It's like the Captains of the West at the Moranon. They knew that they were going to die (although they didn't) and just decided that they would put thier last imprint on Sauron. Luckily for them though, Frodo destroyed the Ring. This raises another question... Even though all hope was gone for the Captains of the West, they still defeated Sauron through hope. What was the other force at work?


----------



## Anamatar IV (Mar 14, 2003)

MorgulKing, about the Battle at the Morannon, Gandalf's intentions in urging the captains to go was to draw Sauron's attention from his own boundaries so Frodo could go easier. Remember Gandalf's seemingly despair when the Mouth of Sauron showed to him the Mithril Coat. THEN maybe the Captains of the West wanted to leave an imprint of some sort.


----------



## BlackCaptain (Mar 14, 2003)

Well yes... Thats what I meant. Notice i said the BATLE of the Moranon, not the Argument of the Moranon.


----------



## Maedhros (Mar 16, 2003)

> _Originally posted by gate7ole _
> *When discussing the possible motives of Fingolfin, we should remember that the Eldar did not know the state of Morgoth at the time. They could not have perceived his spoiling, his spreading of power in his so-called Ring. On the contrary, never leaving his chambers, he must have been imagined as very terrifying and inconquerable, especially after his win at Dagor Bragollach. Fingolfin was a wise elf, but his knowledge was limited. He couldn't have possible known that Morgoth had been so much linked with his incarnate form, that he would be possibly slain. *


I don't think this is quite correct. From _Morgoth's Ring: The Later Quentas, The Valaquenta_


> _The Valaquenta_ texts end thus, and speak of the Marring of Arda, the underlying concern of many of the writings given subsequently in this book:
> Here ends _The Valaquenta_. If it has passed from the high and beautiful to darkness and ruin, that was of old the fate of Arda Marred; and if any change shall come and the Marring be amended, Manwë and Varda may know; but they have not revealed it, and it is not declared in the dooms of Mandos.

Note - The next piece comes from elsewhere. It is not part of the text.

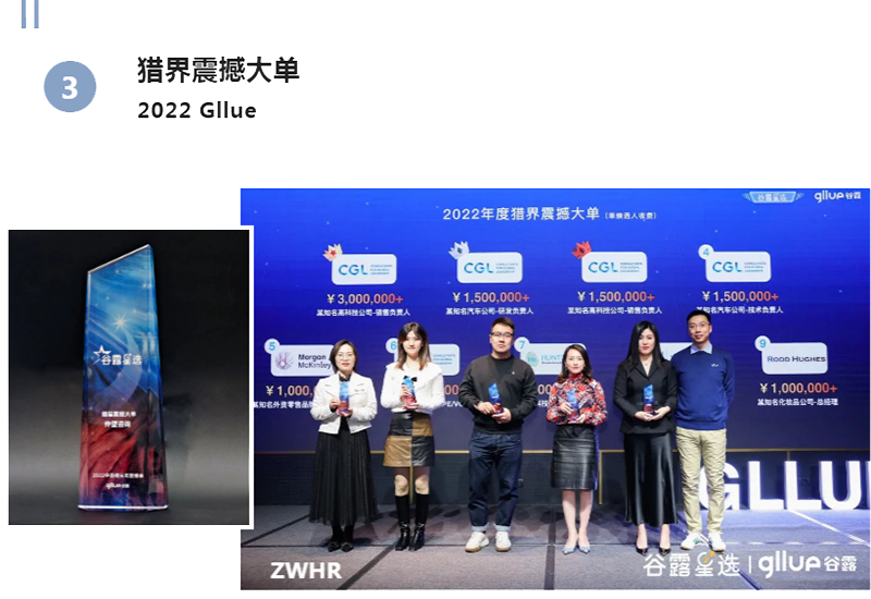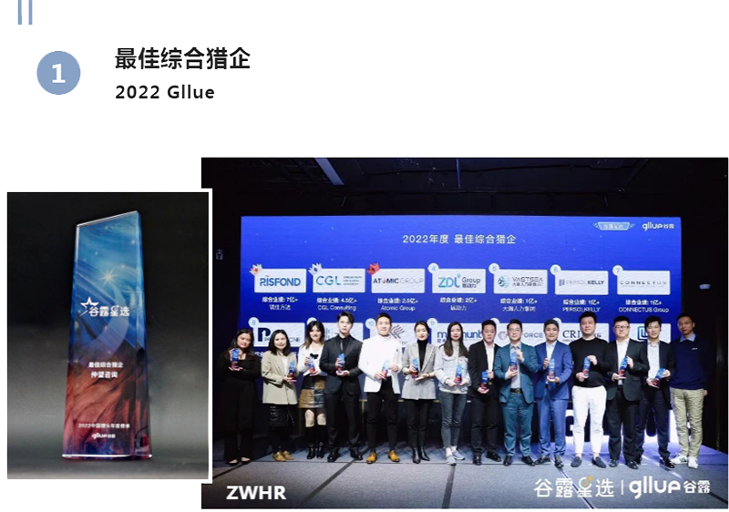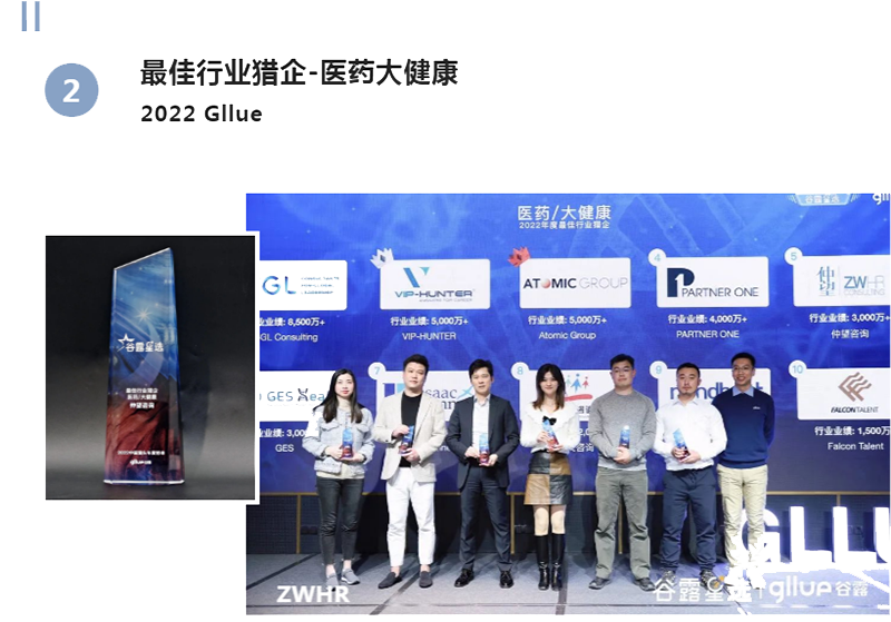 仲望咨询荣获谷露星选2022年度“最佳综合猎企”、“最佳行业猎企-医药/大健康行业”、“猎界震撼大单”。三项荣誉。仲望咨询医药大健康团队 Director Zoe Tang 代表仲望咨询前往领取奖项。
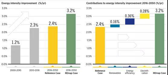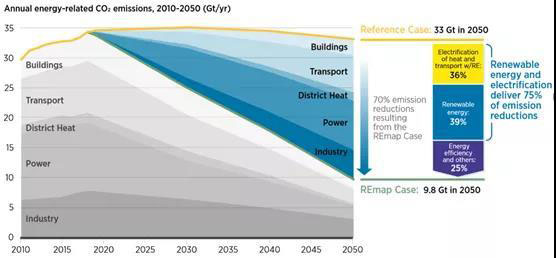加快可再生能源的部署,結(jié)合深層電氣化和提高能源效率是實(shí)現(xiàn)低碳可持續(xù)發(fā)展的重要手段。2050年可實(shí)現(xiàn)90%的碳減排量,其中僅可再生能源、供熱和運(yùn)輸電氣化就可減少排放的75%。報(bào)告分析了碳減排的兩種路徑,即各國正在實(shí)施或計(jì)劃實(shí)施的碳排放政策路徑(參考路徑)和基于可再生能源技術(shù)以及提高能源效率的低碳技術(shù)路徑(RE路徑),相比參考路徑,RE路徑下的碳排放可進(jìn)一步減少總量的70%(見圖2)。

If the elves knew about the Marring of Arda, then they must have know that it was the Melkor who was the Marrer, and how could he Marred something without spending his power on it.
However, we know that the Ainulindalë was written by Rúmil, was the Valaquenta written by him also? I think that it is very probable that he did also.
There is the possiblity that Fingolfin was not aware of this at that time, or maybe he did know about it.


----------



## gate7ole (Mar 17, 2003)

> Posted by Maedhros
> If the elves knew about the Marring of Arda, then they must have know that it was the Melkor who was the Marrer, and how could he Marred something without spending his power on it.
> However, we know that the Ainulindalë was written by Rúmil, was the Valaquenta written by him also? I think that it is very probable that he did also.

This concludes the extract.